Outro incidente, em março do mesmo ano, foi a Batalha do Jenipapo, no Piauí, que opôs o governador da capitania, João da Cunha Fidié, contra a população local. Nas batalhas em Oeiras, Parnaíba e Campo Maior, mais de 200 pessoas morreram. As tropas lusas chegaram a vencer os brasileiros, mas foram atacadas com força ao seguirem para Maranhão, o que levou Fidié e seus homens a se renderem, em 28 de julho.
No mês seguinte, em um episódio que ficou conhecido como “Adesão do Pará”, os exércitos de Dom Pedro rumaram para o Grão-Pará e subjugaram o governo local, que era abertamente pró-Lisboa. E em março de 1824, a então Província Cisplatina (atual República Oriental do Uruguai), cujo comandante era o português Álvaro da Costa, foi a última a aderir ao Brasil, após um cerco militar de vários dias contra sua capital, Montevidéu.

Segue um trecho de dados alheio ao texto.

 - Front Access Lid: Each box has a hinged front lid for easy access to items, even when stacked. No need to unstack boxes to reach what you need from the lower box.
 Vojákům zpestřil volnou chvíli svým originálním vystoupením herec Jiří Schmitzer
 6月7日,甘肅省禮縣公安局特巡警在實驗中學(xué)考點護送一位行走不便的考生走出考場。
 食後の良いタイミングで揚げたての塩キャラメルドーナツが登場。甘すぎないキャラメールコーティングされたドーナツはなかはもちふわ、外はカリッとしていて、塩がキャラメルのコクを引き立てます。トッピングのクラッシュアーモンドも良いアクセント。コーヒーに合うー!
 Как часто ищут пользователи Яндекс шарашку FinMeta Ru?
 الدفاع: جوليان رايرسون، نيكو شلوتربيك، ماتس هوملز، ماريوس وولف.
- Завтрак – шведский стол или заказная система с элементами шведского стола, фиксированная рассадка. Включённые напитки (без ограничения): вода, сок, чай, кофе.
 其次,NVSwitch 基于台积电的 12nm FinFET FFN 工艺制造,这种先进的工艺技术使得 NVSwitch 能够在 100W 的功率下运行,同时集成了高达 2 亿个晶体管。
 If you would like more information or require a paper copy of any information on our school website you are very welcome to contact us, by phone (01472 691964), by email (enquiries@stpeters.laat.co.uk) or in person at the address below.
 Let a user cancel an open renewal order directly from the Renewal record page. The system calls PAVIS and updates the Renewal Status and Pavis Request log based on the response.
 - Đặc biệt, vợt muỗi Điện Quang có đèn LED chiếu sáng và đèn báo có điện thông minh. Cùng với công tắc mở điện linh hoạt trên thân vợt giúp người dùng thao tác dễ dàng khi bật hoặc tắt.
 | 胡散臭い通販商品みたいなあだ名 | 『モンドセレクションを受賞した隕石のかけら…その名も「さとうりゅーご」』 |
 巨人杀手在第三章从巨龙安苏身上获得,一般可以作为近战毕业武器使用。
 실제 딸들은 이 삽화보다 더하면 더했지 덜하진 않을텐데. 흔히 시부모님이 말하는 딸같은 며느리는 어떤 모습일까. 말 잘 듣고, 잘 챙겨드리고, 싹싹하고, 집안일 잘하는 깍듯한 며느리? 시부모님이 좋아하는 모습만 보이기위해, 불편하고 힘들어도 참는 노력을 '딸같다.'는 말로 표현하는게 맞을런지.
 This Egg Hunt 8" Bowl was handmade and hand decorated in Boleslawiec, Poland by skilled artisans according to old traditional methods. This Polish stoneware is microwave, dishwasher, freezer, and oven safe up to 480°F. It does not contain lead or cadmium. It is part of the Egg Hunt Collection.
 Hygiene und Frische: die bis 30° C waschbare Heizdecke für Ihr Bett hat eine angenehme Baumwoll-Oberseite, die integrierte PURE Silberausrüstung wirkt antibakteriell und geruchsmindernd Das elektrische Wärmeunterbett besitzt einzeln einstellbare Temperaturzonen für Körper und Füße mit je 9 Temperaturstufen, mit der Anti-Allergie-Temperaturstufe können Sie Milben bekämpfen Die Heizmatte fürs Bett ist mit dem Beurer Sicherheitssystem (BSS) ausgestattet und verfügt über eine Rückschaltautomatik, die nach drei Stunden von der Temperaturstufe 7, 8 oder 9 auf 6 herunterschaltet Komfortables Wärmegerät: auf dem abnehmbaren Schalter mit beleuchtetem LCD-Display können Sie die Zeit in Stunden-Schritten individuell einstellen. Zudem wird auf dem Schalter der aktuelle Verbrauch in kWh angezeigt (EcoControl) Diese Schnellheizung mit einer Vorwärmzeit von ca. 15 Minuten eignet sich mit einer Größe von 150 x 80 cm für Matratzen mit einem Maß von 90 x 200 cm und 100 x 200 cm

Portugal só reconheceu oficialmente a independência de sua ex-colônia em 1825, após a intermediação da Inglaterra e o pagamento de uma indenização de 2 milhões de libras esterlinas. A crise terminou, mas o processo de independência foi continuando ao longo da história, e as feridas entre Brasil e Portugal foram sendo curadas, transformando a relação em uma longa e duradoura amizade.